GIVEN DATA
§ §

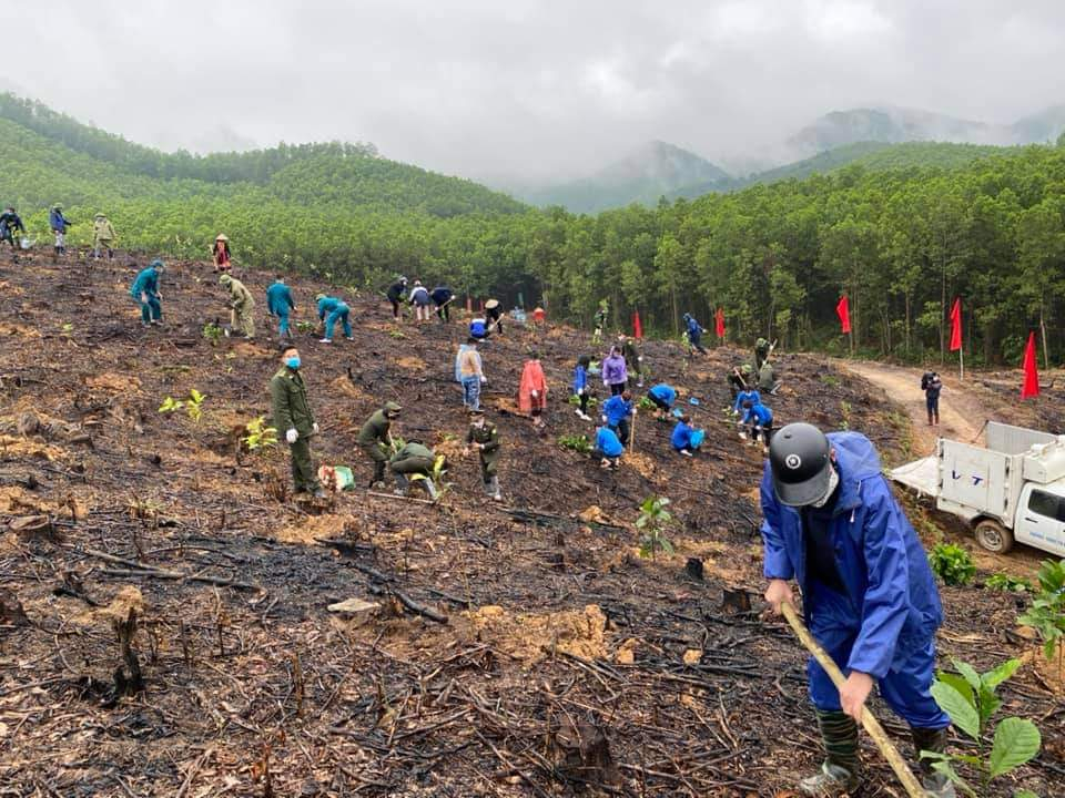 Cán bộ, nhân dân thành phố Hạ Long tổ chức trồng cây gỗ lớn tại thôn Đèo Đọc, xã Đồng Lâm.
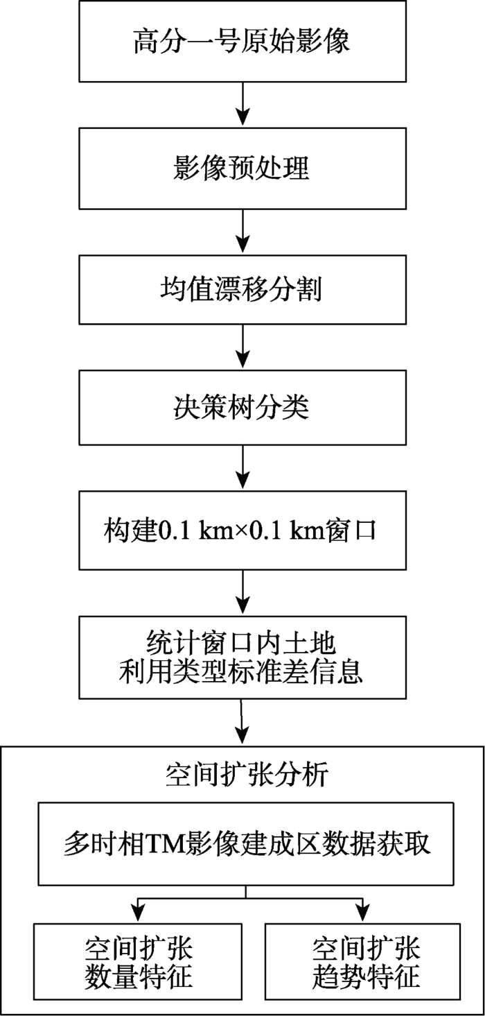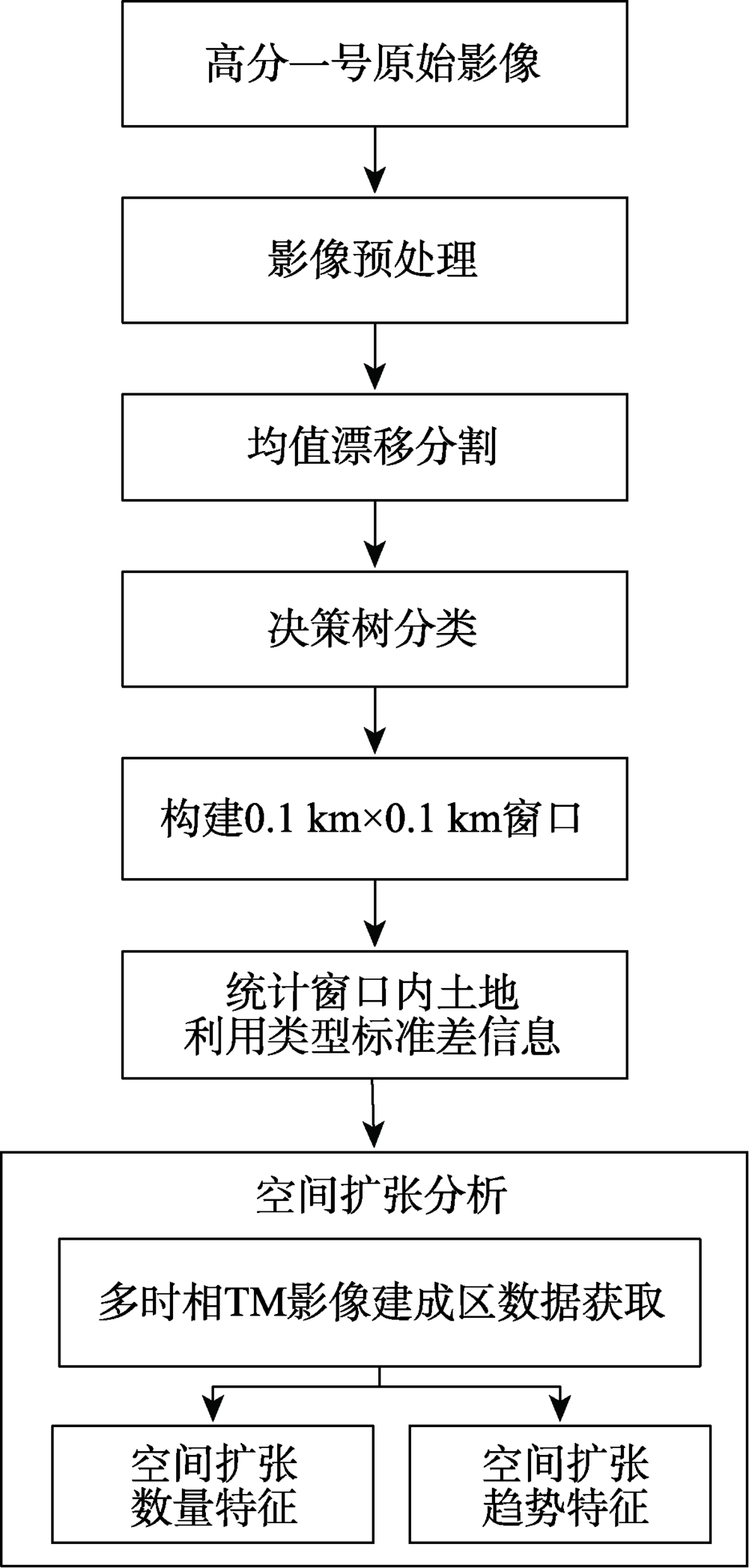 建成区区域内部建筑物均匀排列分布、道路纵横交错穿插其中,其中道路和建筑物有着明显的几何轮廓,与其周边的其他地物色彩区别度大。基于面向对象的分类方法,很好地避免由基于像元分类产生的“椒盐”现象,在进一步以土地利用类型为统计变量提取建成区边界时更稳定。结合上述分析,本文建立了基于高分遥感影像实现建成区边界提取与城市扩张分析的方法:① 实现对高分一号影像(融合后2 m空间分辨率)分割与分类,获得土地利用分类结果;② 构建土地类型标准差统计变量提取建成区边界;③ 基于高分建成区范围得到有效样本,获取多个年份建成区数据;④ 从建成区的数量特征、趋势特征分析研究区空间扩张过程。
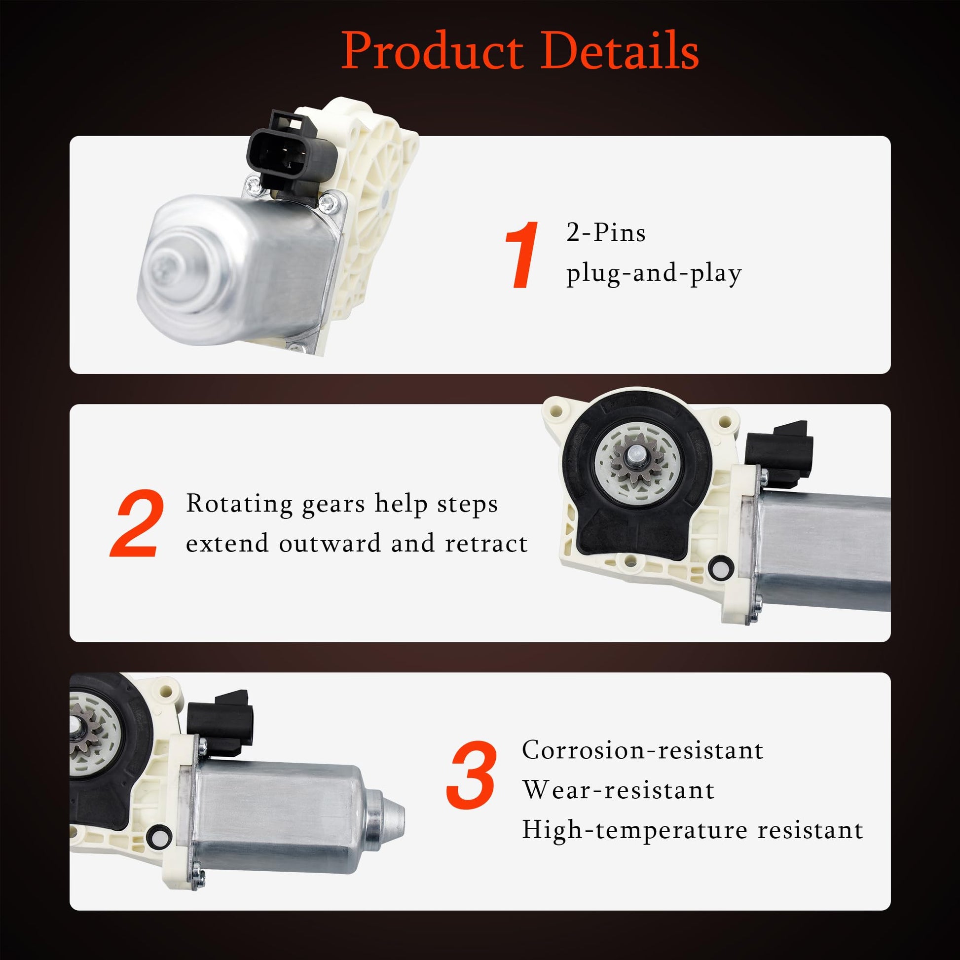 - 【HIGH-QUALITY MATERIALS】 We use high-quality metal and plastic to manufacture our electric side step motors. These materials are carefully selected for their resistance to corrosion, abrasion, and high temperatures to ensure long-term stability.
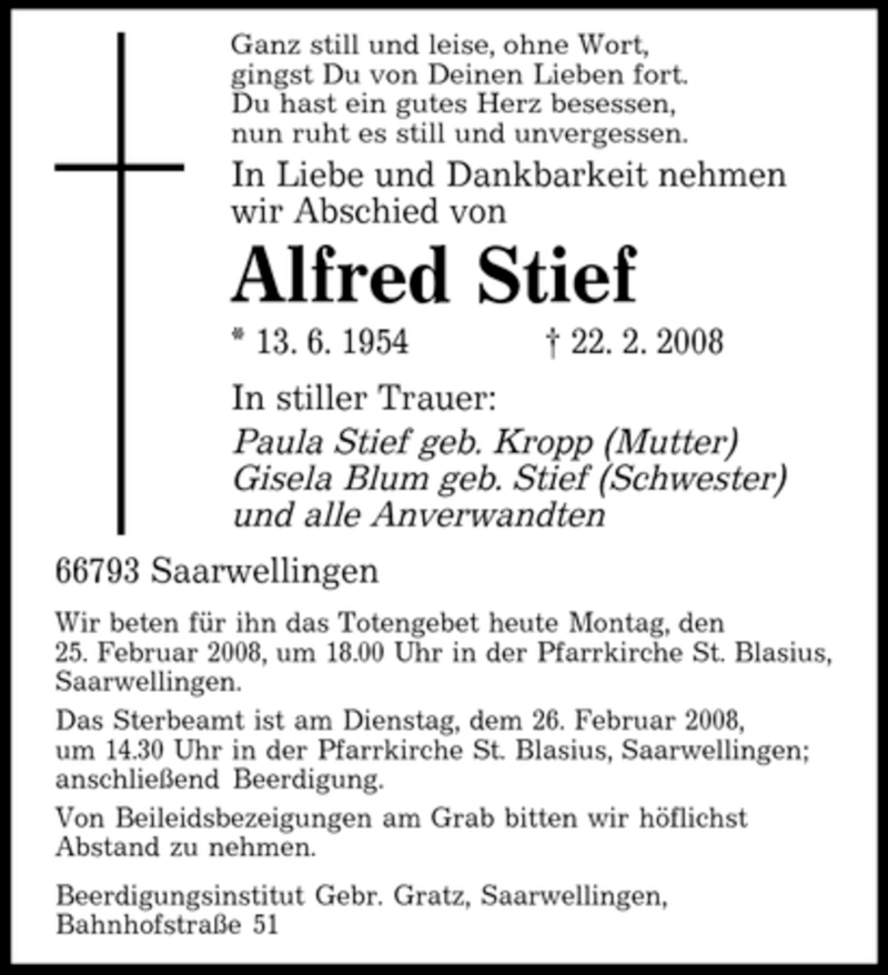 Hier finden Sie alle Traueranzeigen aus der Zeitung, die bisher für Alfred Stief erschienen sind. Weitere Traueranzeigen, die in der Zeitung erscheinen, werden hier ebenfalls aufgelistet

§ §

AIM OF THE EXERCISE
Could you print the material above word for word and skip the images?

ANSWER TO THE EXERCISE
 Cán bộ, nhân dân thành phố Hạ Long tổ chức trồng cây gỗ lớn tại thôn Đèo Đọc, xã Đồng Lâm.
 建成区区域内部建筑物均匀排列分布、道路纵横交错穿插其中,其中道路和建筑物有着明显的几何轮廓,与其周边的其他地物色彩区别度大。基于面向对象的分类方法,很好地避免由基于像元分类产生的“椒盐”现象,在进一步以土地利用类型为统计变量提取建成区边界时更稳定。结合上述分析,本文建立了基于高分遥感影像实现建成区边界提取与城市扩张分析的方法:① 实现对高分一号影像(融合后2 m空间分辨率)分割与分类,获得土地利用分类结果;② 构建土地类型标准差统计变量提取建成区边界;③ 基于高分建成区范围得到有效样本,获取多个年份建成区数据;④ 从建成区的数量特征、趋势特征分析研究区空间扩张过程。
 - 【HIGH-QUALITY MATERIALS】 We use high-quality metal and plastic to manufacture our electric side step motors. These materials are carefully selected for their resistance to corrosion, abrasion, and high temperatures to ensure long-term stability.
 Hier finden Sie alle Traueranzeigen aus der Zeitung, die bisher für Alfred Stief erschienen sind. Weitere Traueranzeigen, die in der Zeitung erscheinen, werden hier ebenfalls aufgelistet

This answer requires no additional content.